RECORDS PROVIDED:
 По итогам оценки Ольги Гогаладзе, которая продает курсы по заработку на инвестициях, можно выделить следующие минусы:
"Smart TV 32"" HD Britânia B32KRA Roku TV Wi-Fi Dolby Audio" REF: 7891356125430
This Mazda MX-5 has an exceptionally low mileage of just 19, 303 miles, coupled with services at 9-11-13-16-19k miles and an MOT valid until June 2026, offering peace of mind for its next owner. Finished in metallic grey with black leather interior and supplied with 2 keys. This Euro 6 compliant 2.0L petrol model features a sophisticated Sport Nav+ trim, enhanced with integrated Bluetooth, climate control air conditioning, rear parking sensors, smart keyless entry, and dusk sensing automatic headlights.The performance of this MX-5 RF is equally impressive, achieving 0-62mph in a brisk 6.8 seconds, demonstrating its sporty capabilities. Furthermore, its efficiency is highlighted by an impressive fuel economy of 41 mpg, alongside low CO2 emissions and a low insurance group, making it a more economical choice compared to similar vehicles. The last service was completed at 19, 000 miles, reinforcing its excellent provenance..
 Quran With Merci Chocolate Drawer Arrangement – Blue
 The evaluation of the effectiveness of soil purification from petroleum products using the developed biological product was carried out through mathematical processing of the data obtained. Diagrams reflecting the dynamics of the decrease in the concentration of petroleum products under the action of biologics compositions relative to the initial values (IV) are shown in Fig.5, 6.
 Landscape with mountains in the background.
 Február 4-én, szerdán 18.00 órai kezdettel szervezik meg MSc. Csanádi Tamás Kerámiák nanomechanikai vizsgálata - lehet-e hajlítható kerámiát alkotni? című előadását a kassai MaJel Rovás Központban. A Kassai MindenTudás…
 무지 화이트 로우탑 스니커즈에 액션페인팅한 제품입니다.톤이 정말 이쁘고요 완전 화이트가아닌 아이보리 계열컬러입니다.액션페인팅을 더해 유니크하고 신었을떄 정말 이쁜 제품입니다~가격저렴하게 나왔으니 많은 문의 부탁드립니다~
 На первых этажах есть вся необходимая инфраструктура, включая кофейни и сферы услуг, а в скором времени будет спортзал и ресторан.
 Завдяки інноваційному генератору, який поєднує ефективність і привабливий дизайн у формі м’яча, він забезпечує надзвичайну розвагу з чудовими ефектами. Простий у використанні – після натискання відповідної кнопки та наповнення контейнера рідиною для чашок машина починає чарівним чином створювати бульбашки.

WHAT NEEDS TO BE DONE: Every line from the line containing "Február 4-én, szerdán" through the line containing "무지 화이트 로우탑 스니커즈에" in the records above must be retyped exactly. Leave out the rest.

REPLY TO THE TASK:
 Február 4-én, szerdán 18.00 órai kezdettel szervezik meg MSc. Csanádi Tamás Kerámiák nanomechanikai vizsgálata - lehet-e hajlítható kerámiát alkotni? című előadását a kassai MaJel Rovás Központban. A Kassai MindenTudás…
 무지 화이트 로우탑 스니커즈에 액션페인팅한 제품입니다.톤이 정말 이쁘고요 완전 화이트가아닌 아이보리 계열컬러입니다.액션페인팅을 더해 유니크하고 신었을떄 정말 이쁜 제품입니다~가격저렴하게 나왔으니 많은 문의 부탁드립니다~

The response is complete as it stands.